Em rigor, poderão as gerações mais velhas orgulhar-se da sociedade televisiva, superficial, mediática e computacional que ergueram? Já se sabe que o avanço tecnológico e a economia global são imparáveis, mas a indústria mediática, nas mais diversas áreas em que actua, em vez de sacrificar tudo ao futebol e ao sexo, aos concursos alienantes e à ditadura da publicidade, não deveria parar e repensar a sua função? Que cultura se tem vindo a edificar nos últimos 30 a 40 anos em Portugal e na Europa, senão a cultura inculta? Que democracia podem os povos viver quando à crise financeira e à austeridade sobrevém a ideologia do terror, a porta por onde poderão entrar de novo na Europa regimes fascistas, ao abrigo da vertigem securitária? Tendo em conta quanto temos vivido desde o 11/9, para me servir de uma data que simbolicamente nos fez entrar no século XXI, não será este o momento de – da escola e das universidades, aos mídia e às empresas – relacionarmos a tão propalada “crise de valores” com a “crise das humanidades”? Longe de pensar que a poesia ou as artes podem salvar o homem, julgo, ainda assim, que é um erro declarar que uma educação centrada nas humanidades é sinónimo de serôdio romantismo. Mas nada de ilusões: a Europa foi berço, é verdade, das guerras mundiais, e de conflitos étnicos que são lições que os europeus não podem ignorar. Neste tempo de terrorismo global, quando o boomerang da História se volta contra uma Europa que traiu ou ignorou ressentimentos e injustiças de vários povos, importa não fugir ao combate: nas escolas e nas universidades é tempo de ler a Filosofia, cultivar o saber sincrético, não desconhecer quanto a Europa ficou a dever à cultura árabe, da matemática à poesia, da geografia à astronomia.

Mas lembro, à luz do quadro geral em que nos movemos, o que escreveu Peter Sloterdijk no seu ensaio “Os Novos Frutos da Ira: Pós-Comunismo, Neoliberalismo, Islamismo”, outra lição que não podemos esquecer e que diz respeito ao fascínio que o fanatismo islamico exerce sobre os mais jovens. Avança Sloterdijk três razões para o crescente número de adeptos deste extremismo: i) o islamismo apresenta uma “dinâmica missionária contagiante que lhe dá condições para constituir um colectivo maioritariamente formado por neoconvertidos”; ii) o fundamentalismo oferece “uma visão do mundo centrada na luta”, simplificando a dialéctica da cultura humana, na medida em que para estes criminosos a missão é vencer o inimigo (o Ocidente laico, cristão, capitalista) e reconstruir um emirado universal global; iii) o “dinamismo demográfico do seu campo de recrutamento”, ou seja, a base de agitação e manipulação em que actua. Diz Sloterdijk: “como os movimentos totalitários do século XX que o precederam, ele é essencialmente um movimento de juventude, mais exactamente um movimento de homens jovens [...] desempregados, sem família e sem perspectivas sociais, entre os 15 e os 29 anos [...]” (in O Estado do Mundo, Temas e Debates / Fundação Calouste Gulbenkian, Lx, 2006, p. 216.).

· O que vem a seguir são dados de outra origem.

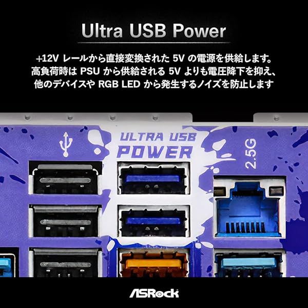 さらに一般的なゲーミング用マザーボードよりもUSBポートが多く、その中には高負荷時にもブレなく電力供給できる「ULTRA USB POWER」ポートが備わっています。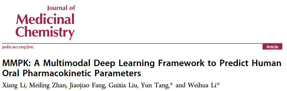 Li, Xiang, Meiling Zhan, Jiaojiao Fang, Guixia Liu, Yun Tang, and Weihua Li. "MMPK: A Multimodal Deep Learning Framework to Predict Human Oral Pharmacokinetic Parameters." Journal of Medicinal Chemistry (2025).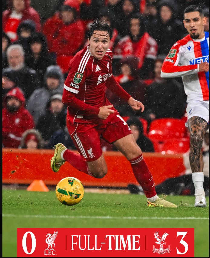 Postcription: Crystal Palace menang 3-0 di Anfield dan menghancurkan harapan Liverpool kembali ke final Piala Liga. Ismaila Sarr kembali jadi hantu dengan mencetak dua gol ke gawang The Reds.

Eis o perigo real: até meados deste século o Daesh poderá “captar uma reserva de 200 ou 300 milhões de jovens que, provavelmente, só terão como horizonte de sentido” o auto-aniquilamento camuflado de “significado político-religioso”. Urge dar aos jovens um outro sentido existencial, uma Europa lúcida e não alienada. Tal desiderato tem de passar pela escola e pela educação humanista.